• What you have to do:
Copy the lines running from the one that contains "necessary | |||||" to the end of the entries below, exactly and with no pictures.

[Records contained in a dataset]
Start of Block
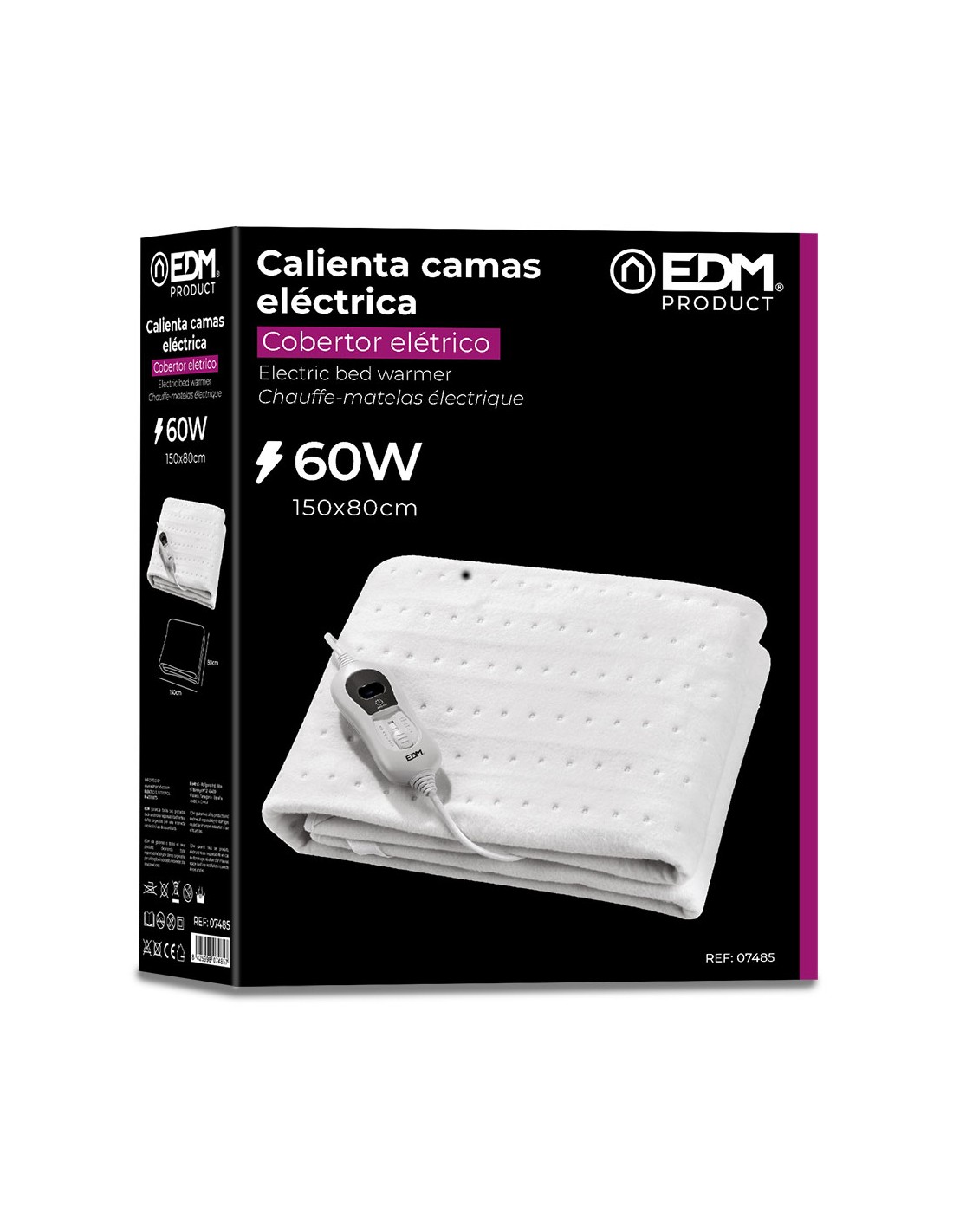 Calienta camas eléctrico 60 w, 220 - 240 v ~ 50 hz, con regulador de temperatura de 3 niveles, apagado automático en 90 min, mando digital con indicador led,100% poliester. dimensiones: 150 x 80 cm
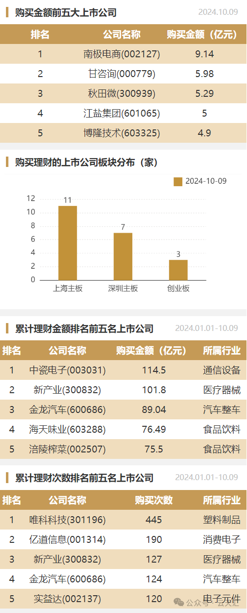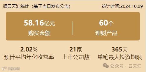 2024年10月9日,上市公司购买理财金额58.16亿元,共21家上市公司,理财产品60个。
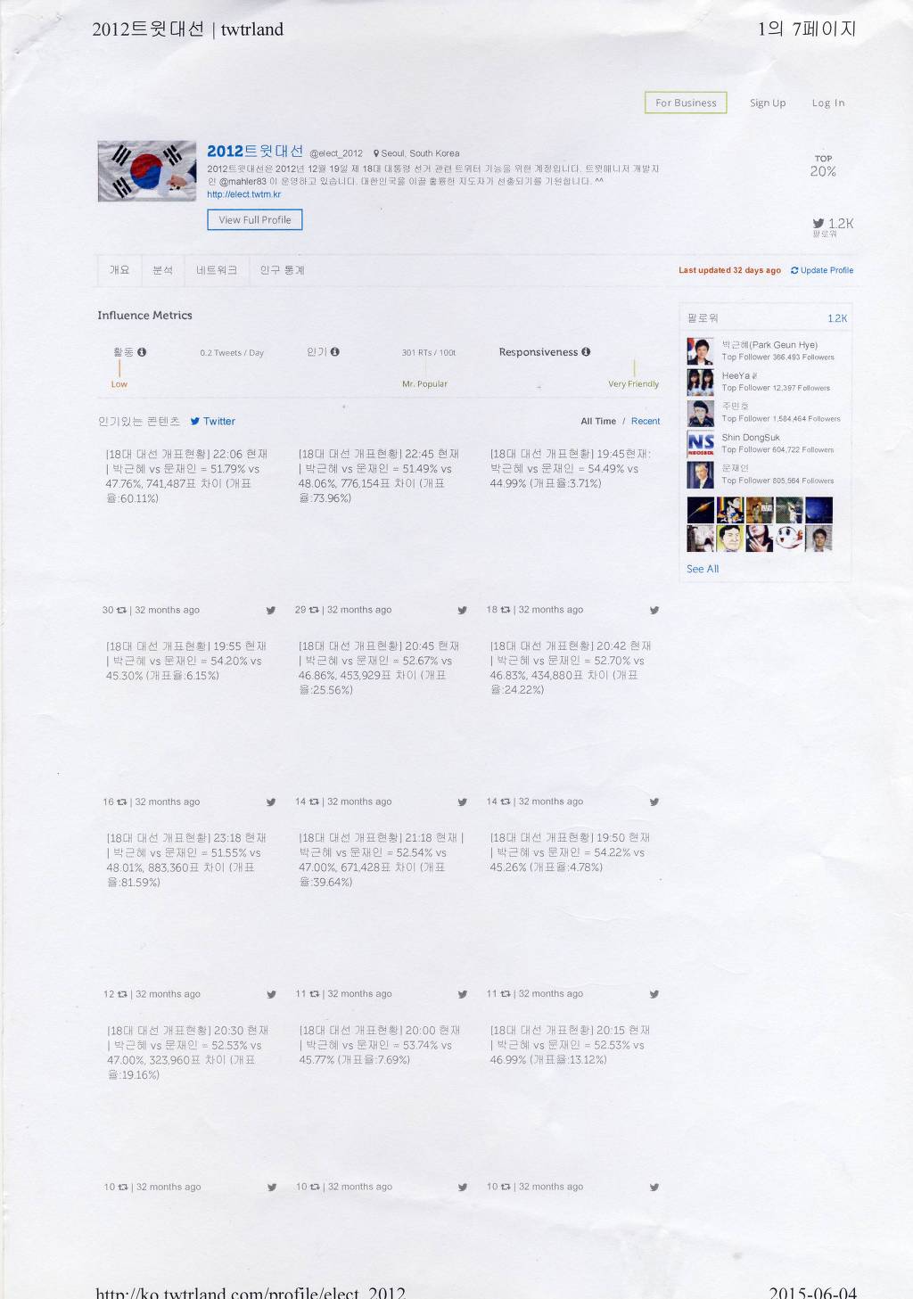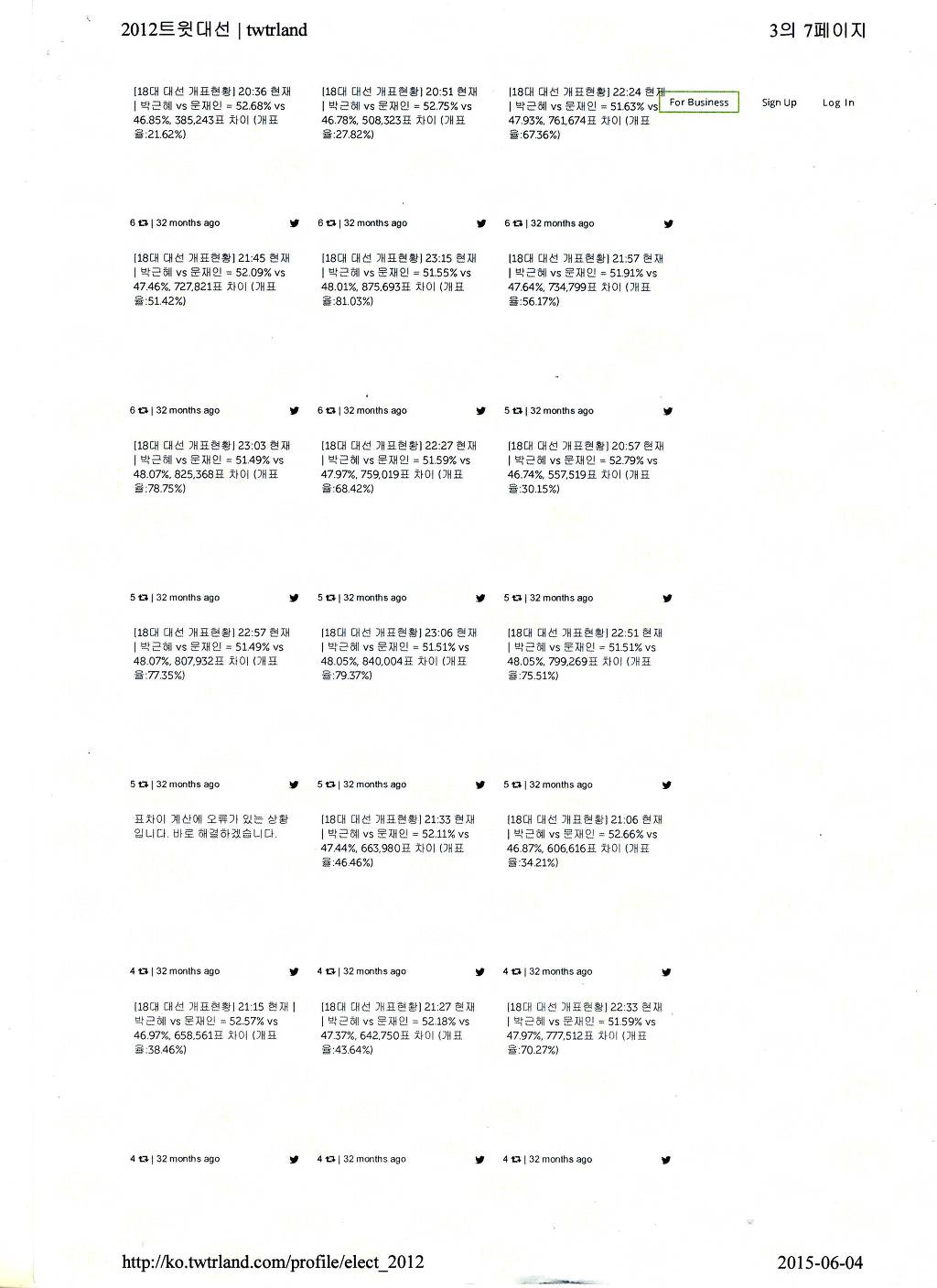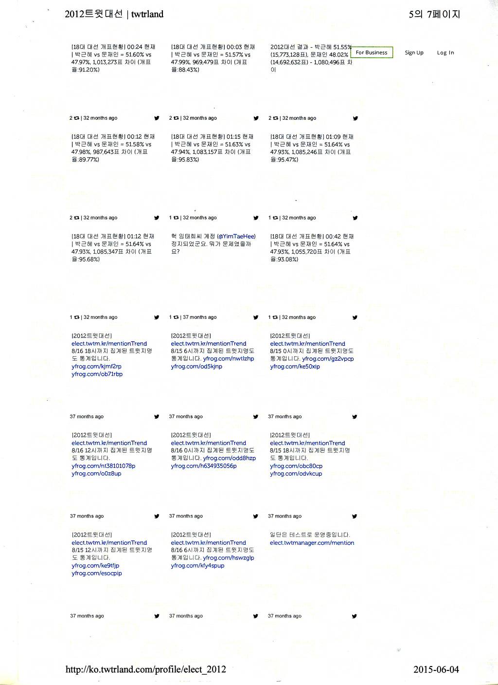 4) 동일 계정 내 ‘37달 전’(37 months ago) 표기 메세지는 세누리당 당내 후보 경선 일정을 고려하면 납득하시기 쉽습니다.
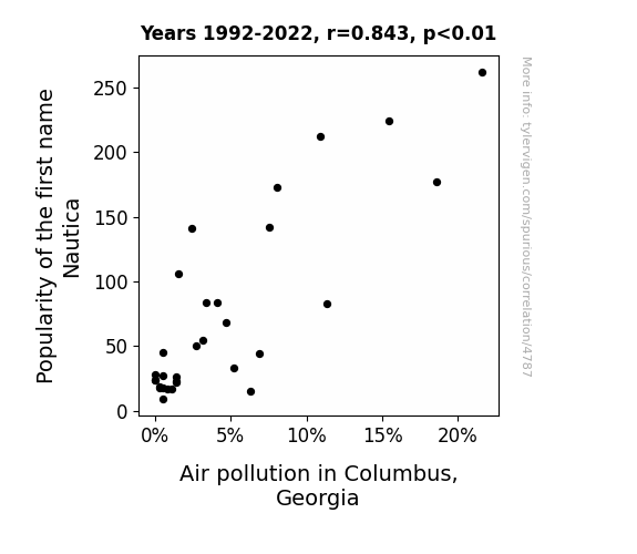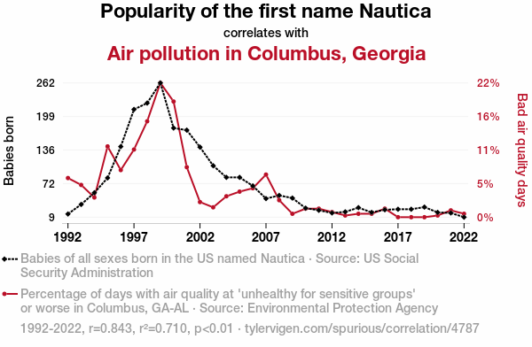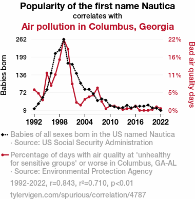 - The spurious research paper: Nautical Nomenclature: Exploring the Correlation between the Popularity of the Name Nautica and Air Pollution in Columbus, Georgia
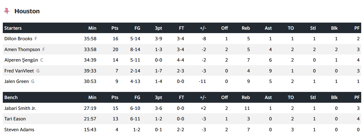 Από το Χιούστον ξεχώρισε ο Άμεν Τόμπσον με 20 πόντους και 5 ριμπάουντ, καθώς και ο Τζάμπαρι Σμιθ Τζούνιορ με 15 πόντους και 11 ριμπάουντ.
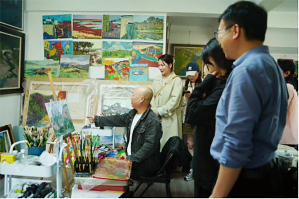 下午朱源生老师继续带来《油画写生与创作》专题讲座。在讲座中,朱老师不仅讲解了油画写生的基本技巧、色彩运用规律,还分享了创作灵感的捕捉与转化方法。他现场展示了多幅优秀油画作品,从构图、笔触、情感表达等方面进行细致解读,让工作室成员对油画艺术有了更深刻的认识。在互动环节,教师们积极提问,朱老师耐心解答,现场氛围热烈,学习热情高涨。
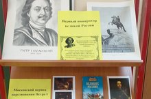 В рамках мероприятий, приуроченных к 350-летию со дня рождения первого Всероссийского Императора Петра I, в нашей школьной библиотеке работает выставка "Первый император".
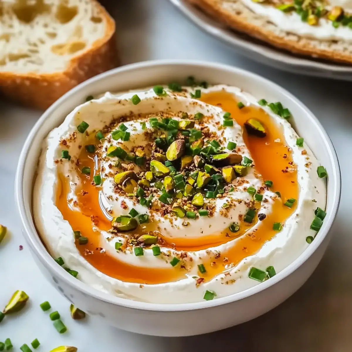 A moment of culinary inspiration hit me while exploring the vibrant aisles of my local market—what if I could elevate a simple gathering with just a few ingredients? Enter the Whipped Goat Cheese with Hot Honey, a recipe that transforms creamy cheese into a luxurious appetizer in five minutes flat. Its fluffiness, beautifully contrasted by the sweet heat of hot honey, is not only visually stunning but also a guaranteed crowd-pleaser. This quick and simple dish is vegetarian-friendly, making it perfect for any occasion, whether you’re hosting friends or indulging in a cozy night in. So, are you ready to impress your guests with this delightful spread? Let’s dive into the deliciousness! Why is this appetizer a must-try? Quick and Easy: Whipped Goat Cheese with Hot Honey can be made in just five minutes, making it an irresistible option for last-minute gatherings. Sophisticated Taste: The combination of tangy goat cheese and sweet, spicy honey creates a delightful flavor explosion that’s sure to impress. Versatile Pairing: This spread pairs beautifully with fresh veggies, crackers, or even crostini, allowing for endless serving options. Vegetarian-Friendly: Enjoy this recipe as a delicious appetizer suitable for everyone at the table, no meat required! Customizable: Mix it up by adding different nuts or herbs to suit your tastes, just as you might with a Breakfast Grilled Cheese or Baked Mac and Cheese. Crowd-Pleaser: Serve it at your next event, and watch your guests rave—this luscious spread will be the highlight of any meal! Whipped Goat Cheese with Hot Honey Ingredients For the Whipped Cheese • Chèvre Goat Cheese – This tangy cheese forms the creamy base; substitute with cream cheese for a milder flavor or ricotta for a lighter texture. • Olive Oil – Adds richness and moisture; while no direct substitute is recommended, other oils may also work well. • Kosher Salt – Enhances the overall flavor profile; feel free to swap for sea salt if preferred. • Freshly Ground Black Pepper – Introduces depth to the dish; omit entirely if you’re sensitive to spice. For the Hot Honey Drizzle • Hot Honey – Infuses the dish with sweet heat; for custom spice levels, replace with a mix of honey and chili flakes. A vegan option can be made with maple syrup and chili flakes! For the Toppings • Salted Pistachios – Provides a delightful crunch; other nuts like walnuts or almonds can be substituted if desired. • Fresh Chives – Adds a burst of herbal brightness; green onions or parsley can work nicely as alternatives. Step‑by‑Step Instructions for Whipped Goat Cheese with Hot Honey Step 1: Prepare the Goat Cheese Begin by crumbling 8 ounces of chèvre goat cheese into the bowl of a food processor. This initial step is crucial for ensuring a smooth texture. Make sure the cheese is at room temperature for easy blending. With a spatula, push any stubborn chunks to the sides as you prepare to blend. Step 2: Add the Oil and Seasonings Drizzle in 2 tablespoons of olive oil over the crumbled goat cheese. Then, sprinkle in a pinch of kosher salt (about 1/4 teaspoon) and a grind of freshly cracked black pepper. These seasonings enhance the flavor of the whipped goat cheese with hot honey. This mixture will create a rich and creamy base, ready to be transformed. Step 3: Blend Until Fluffy Secure the lid on your food processor and blend the cheese mixture on low speed for about 15 seconds. This prevents splatter. Gradually increase the speed and blend for 1-2 minutes until the mixture is light and airy. You’re aiming for a fluffy texture that resembles a creamy mousse, perfect for scooping. Step 4: Transfer to Serving Bowl Once your goat cheese is whipped to perfection, carefully transfer it into a shallow serving bowl. Use a spatula to create a well-defined surface area for the toppings. This step ensures your whipped goat cheese with hot honey will show beautifully, making it both inviting and appetizing for serving. Step 5: Drizzle with Hot Honey Now, gently drizzle 2-3 tablespoons of hot honey over the whipped goat cheese. Allow the honey to cascade down the sides, creating an attractive visual display. This sweet heat will balance out the tangy flavor of the goat cheese, making every bite delightful and intriguing. Step 6: Add Crunchy Toppings Sprinkle roughly 2 tablespoons of chopped salted pistachios over the honey-drizzled cheese. Their crunch will add a wonderful contrast to the creamy texture. Following this, chop a few fresh chives and scatter them on top to provide herbal brightness. The vibrant colors will make your whipped goat cheese with hot honey truly eye-catching. Step 7: Serve and Enjoy Serve the whipped goat cheese with an assortment of fresh vegetables like cucumbers and bell peppers or alongside an array of crackers. This appetizer is best enjoyed freshly made while it’s fluffy and creamy. As you gather friends around, watch them marvel at this stunning dish that’s as easy to prepare as it is pleasing to the palate! Make Ahead Options Whipped Goat Cheese with Hot Honey is a fantastic option for meal prep, allowing you to impress your guests effortlessly! You can prepare the whipped goat cheese base up to 24 hours in advance and store it covered in an airtight container in the refrigerator. Just remember to keep the hot honey and toppings—like chopped pistachios and fresh chives—separate until just before serving. This will help maintain the creamy texture and ensure freshness. When you’re ready to serve, simply drizzle the hot honey over the whipped goat cheese, add the toppings, and watch as it transforms into a stunning centerpiece that is just as delicious as if it were freshly made! What to Serve with Simple Whipped Goat Cheese with Hot Honey Imagine a beautiful gathering filled with laughter and delightful bites, where this creamy, dreamy spread becomes the shining star of your table. Crunchy Veggies: Serve with fresh cucumber, bell pepper
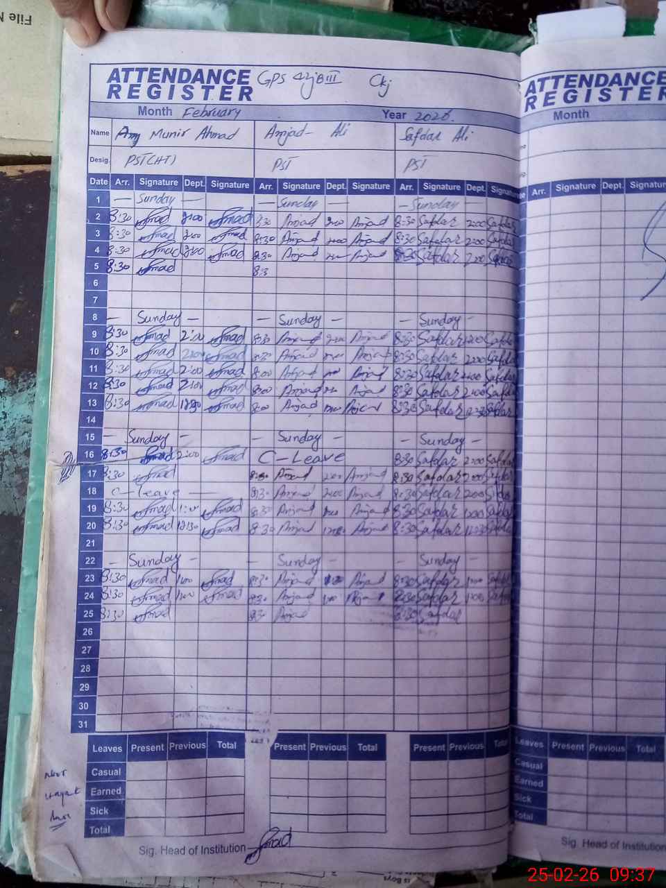 | Remarks (Use Separate Page if Required): FTF register not maintained WEF May 2025 all Data verbally given to MEA also Roznamcha not maintained Necessary action may please be taken as necessary | |||||
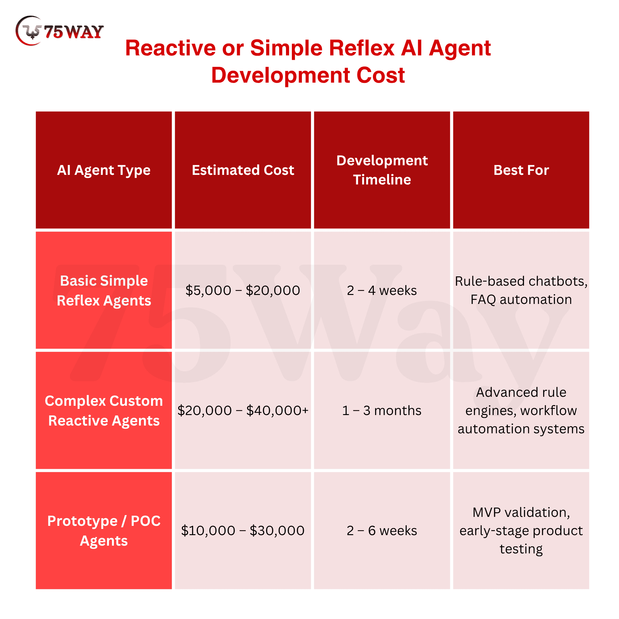 1. Reactive (Simple Reflex) AI Agent Development Costs
End of Block
• Output of the exercise:
 | Remarks (Use Separate Page if Required): FTF register not maintained WEF May 2025 all Data verbally given to MEA also Roznamcha not maintained Necessary action may please be taken as necessary | |||||
 1. Reactive (Simple Reflex) AI Agent Development Costs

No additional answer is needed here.